• [ASSIGNMENT]
Exact copies of all the lines below are needed, without the pictures.

• [DATASET SECTION]
***
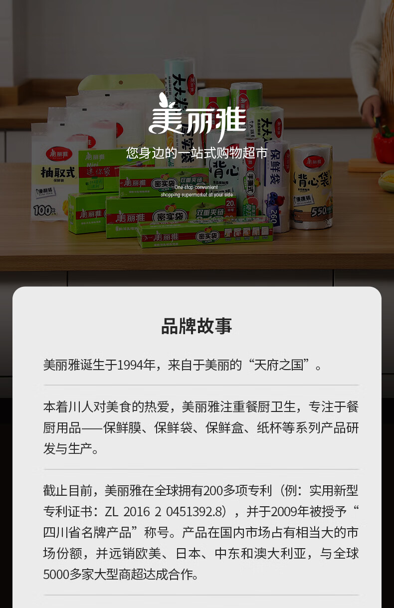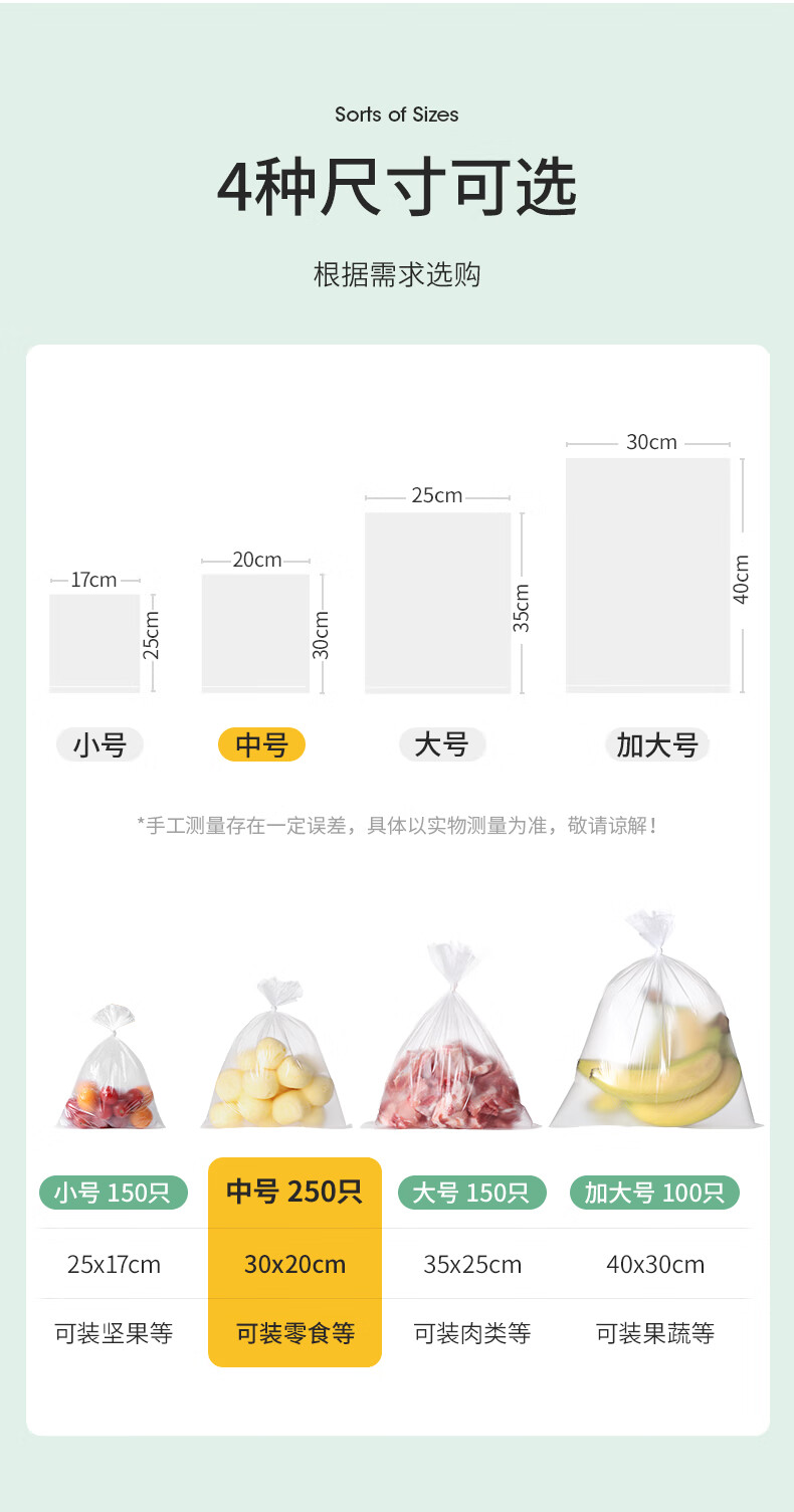 美丽雅保鲜袋食品级中号250只厨房冰箱食品保鲜袋冰箱专用
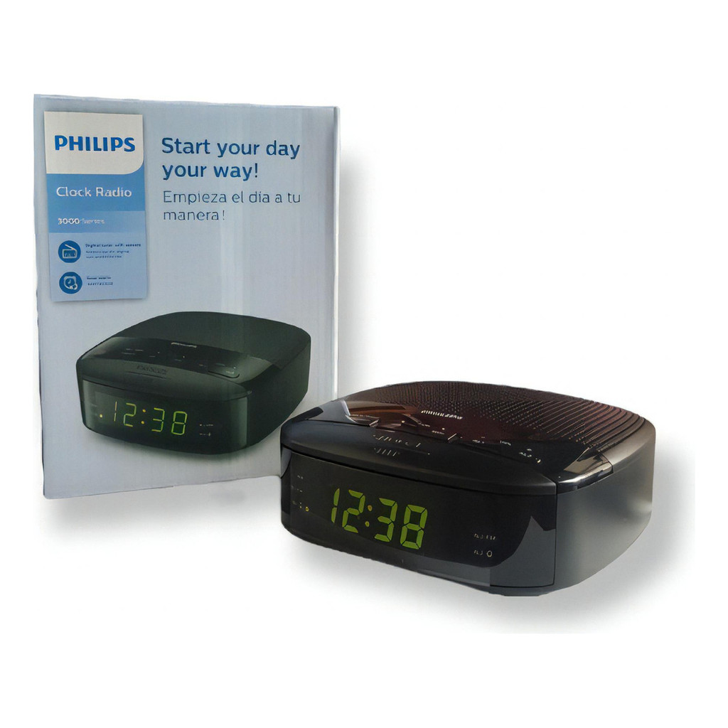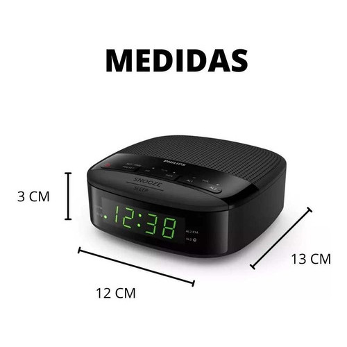 Relógio De Mesa Philips Compacto Alarme E Rádio Fm Bivolt Cor Preto 110V/220V
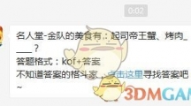 每日一题每日更新,今天为大家带来的是《拳皇98终极之战OL》5月28日每日一题答案,题目为:名人堂-金队的美食有:起司帝王蟹、烤肉_____?还不知道的小伙伴一起来寻找答案吧! 【每日一题答案汇总】5月28日每日一题问题: 名人堂-金队的美食有:起司帝王蟹、烤肉_____?答题格式:kof+答案不知道答案的格斗家,寻找答案吧~5月28日每日一题答案: 答案:kof(稍后更新)格斗家美食各有所好,了解之后对应收集可以不浪费任何一点资源,如果小伙伴们有需要的就赶快去收集吧,今天的答案已经奉上,可以去微信中抽取奖励了哦。
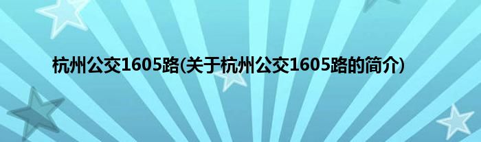 本文关于杭州公交1605路的简介就讲解完毕,希望对大家有所帮助。
***
• [RESULT OF THE EXERCISE]
 美丽雅保鲜袋食品级中号250只厨房冰箱食品保鲜袋冰箱专用
 Relógio De Mesa Philips Compacto Alarme E Rádio Fm Bivolt Cor Preto 110V/220V
 每日一题每日更新,今天为大家带来的是《拳皇98终极之战OL》5月28日每日一题答案,题目为:名人堂-金队的美食有:起司帝王蟹、烤肉_____?还不知道的小伙伴一起来寻找答案吧! 【每日一题答案汇总】5月28日每日一题问题: 名人堂-金队的美食有:起司帝王蟹、烤肉_____?答题格式:kof+答案不知道答案的格斗家,寻找答案吧~5月28日每日一题答案: 答案:kof(稍后更新)格斗家美食各有所好,了解之后对应收集可以不浪费任何一点资源,如果小伙伴们有需要的就赶快去收集吧,今天的答案已经奉上,可以去微信中抽取奖励了哦。
 本文关于杭州公交1605路的简介就讲解完毕,希望对大家有所帮助。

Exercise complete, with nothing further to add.